What is required>
Every line from the start of the records through the line with "- Wall Bookshelves: Our" is to be written out exactly; pictures are not.

[Saved entries]

┌────────

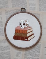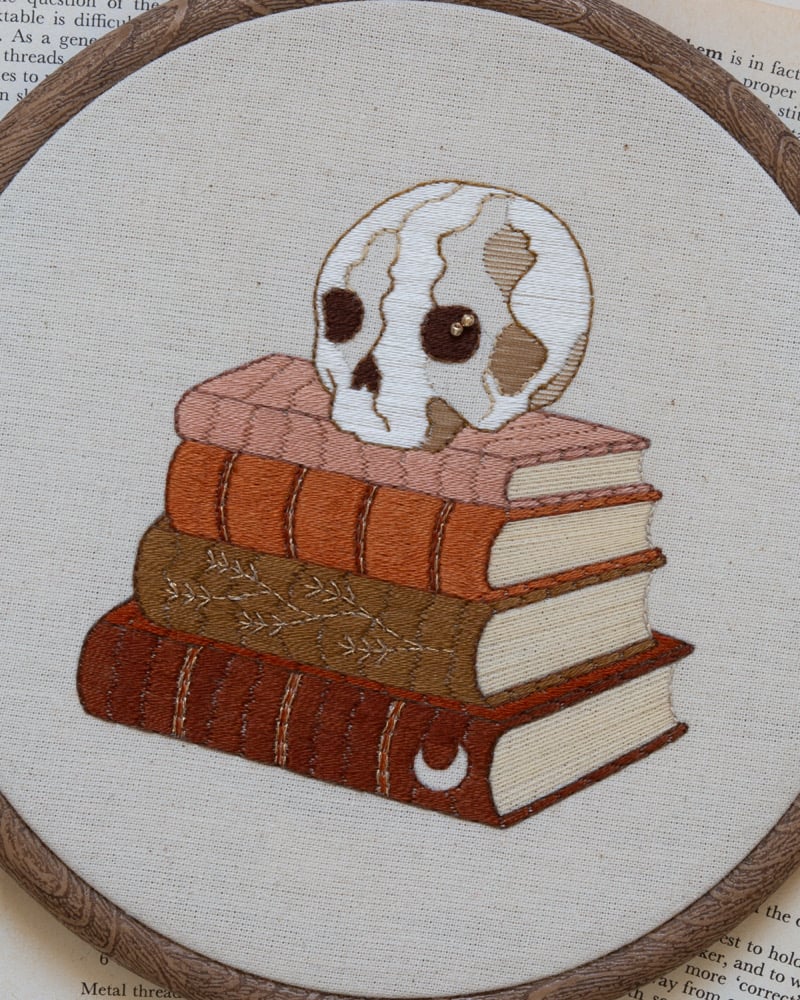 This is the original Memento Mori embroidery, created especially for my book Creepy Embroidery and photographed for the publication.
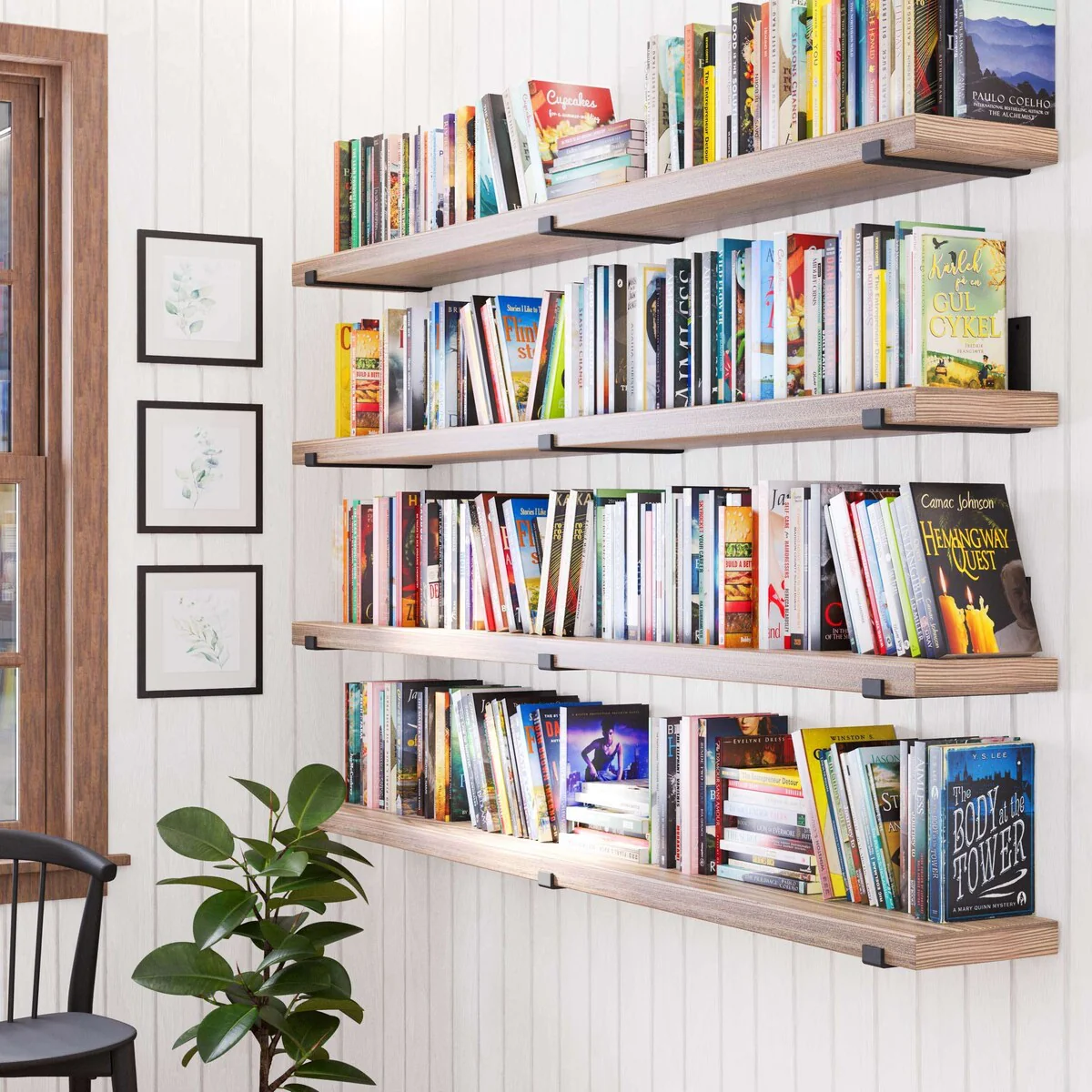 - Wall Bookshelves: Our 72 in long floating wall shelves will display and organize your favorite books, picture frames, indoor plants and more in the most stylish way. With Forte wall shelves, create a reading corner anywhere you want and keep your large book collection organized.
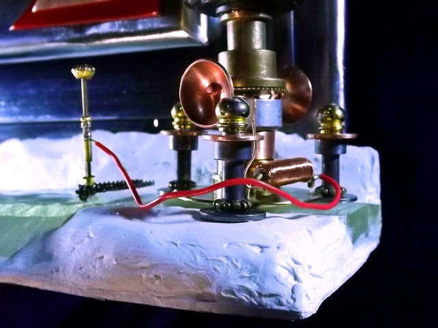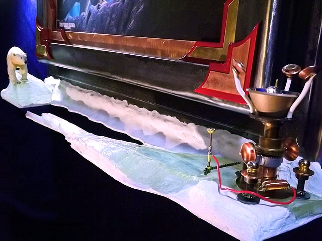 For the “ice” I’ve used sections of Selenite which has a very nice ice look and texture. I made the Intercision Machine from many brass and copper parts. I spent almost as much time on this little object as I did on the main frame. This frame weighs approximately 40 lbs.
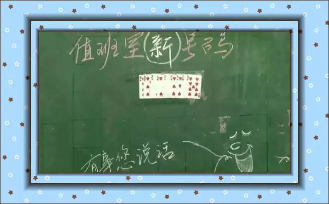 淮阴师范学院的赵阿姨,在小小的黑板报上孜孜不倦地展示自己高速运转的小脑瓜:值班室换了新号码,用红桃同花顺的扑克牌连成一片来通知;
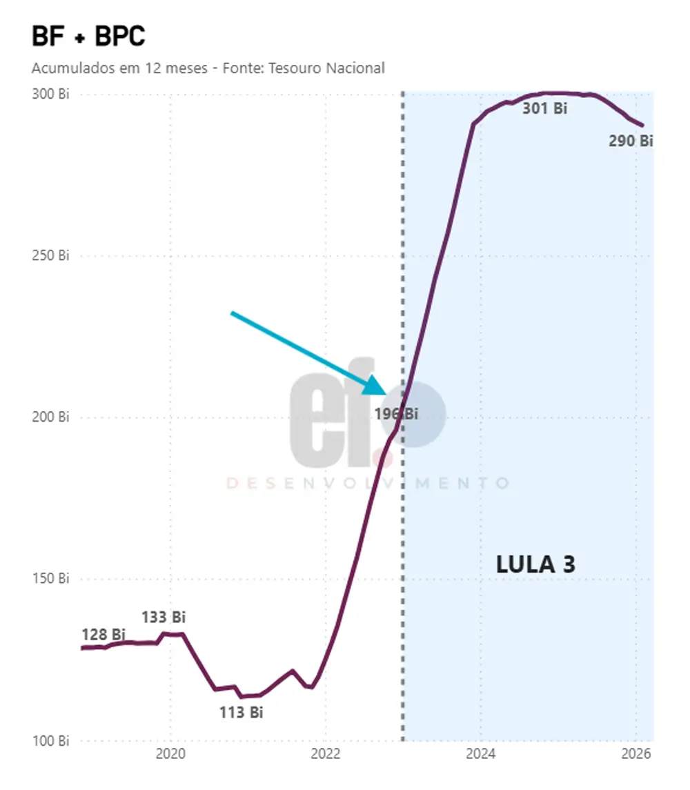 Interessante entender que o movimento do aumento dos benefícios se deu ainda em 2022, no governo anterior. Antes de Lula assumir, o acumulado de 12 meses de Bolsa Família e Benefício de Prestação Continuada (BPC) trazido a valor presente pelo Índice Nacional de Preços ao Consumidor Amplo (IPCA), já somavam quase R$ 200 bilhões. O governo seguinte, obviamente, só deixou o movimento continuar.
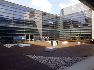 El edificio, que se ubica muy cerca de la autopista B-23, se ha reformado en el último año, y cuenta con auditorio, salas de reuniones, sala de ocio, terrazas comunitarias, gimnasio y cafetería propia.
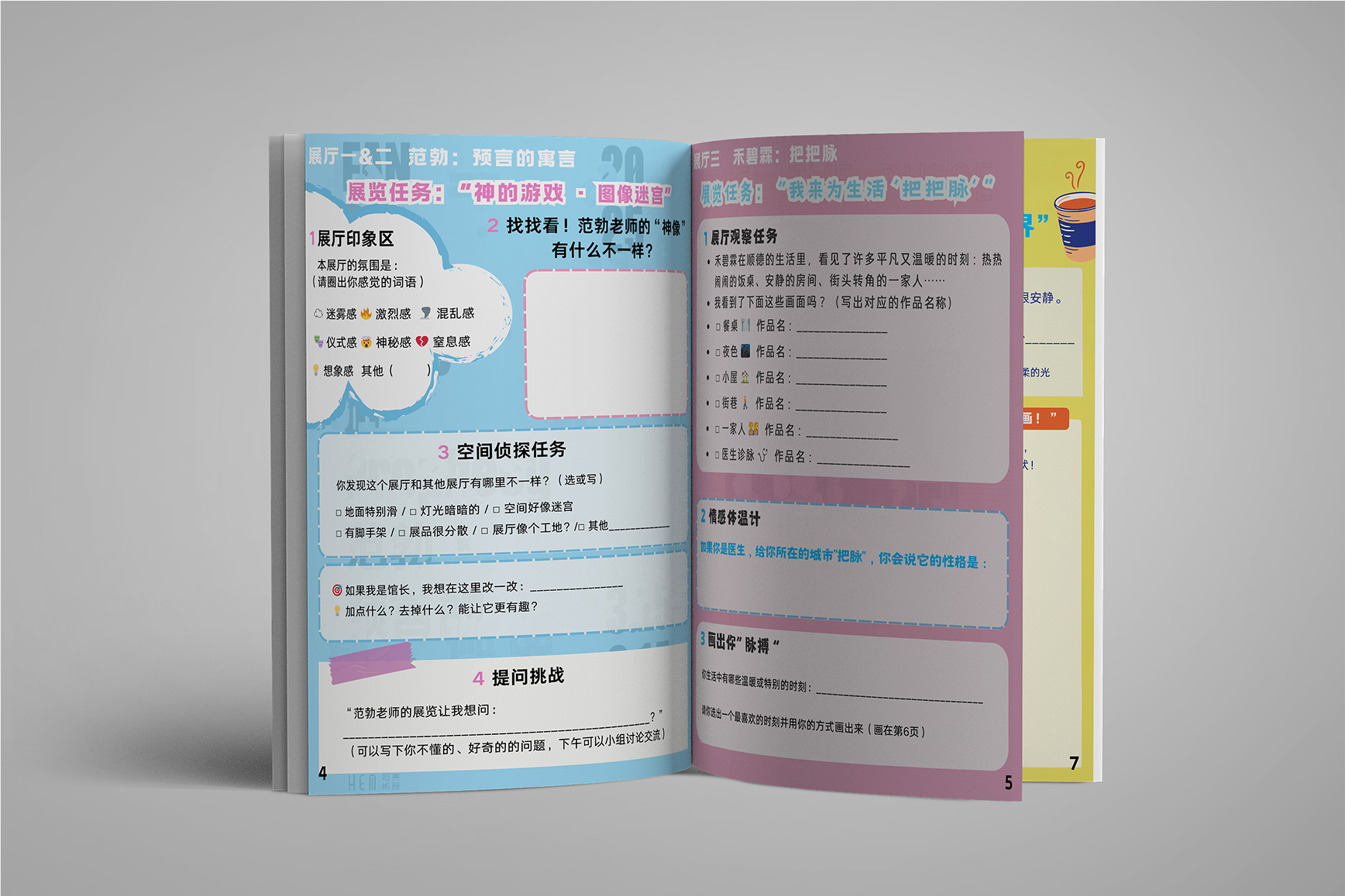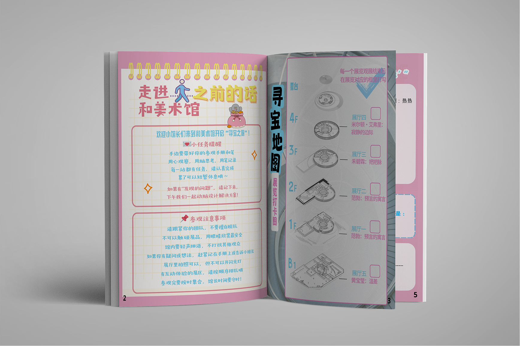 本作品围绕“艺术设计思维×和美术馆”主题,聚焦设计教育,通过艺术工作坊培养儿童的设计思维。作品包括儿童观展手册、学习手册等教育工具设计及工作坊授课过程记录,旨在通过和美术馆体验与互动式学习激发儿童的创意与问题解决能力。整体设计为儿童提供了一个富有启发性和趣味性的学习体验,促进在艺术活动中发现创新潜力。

└────────

Problem solution>
 This is the original Memento Mori embroidery, created especially for my book Creepy Embroidery and photographed for the publication.
 - Wall Bookshelves: Our 72 in long floating wall shelves will display and organize your favorite books, picture frames, indoor plants and more in the most stylish way. With Forte wall shelves, create a reading corner anywhere you want and keep your large book collection organized.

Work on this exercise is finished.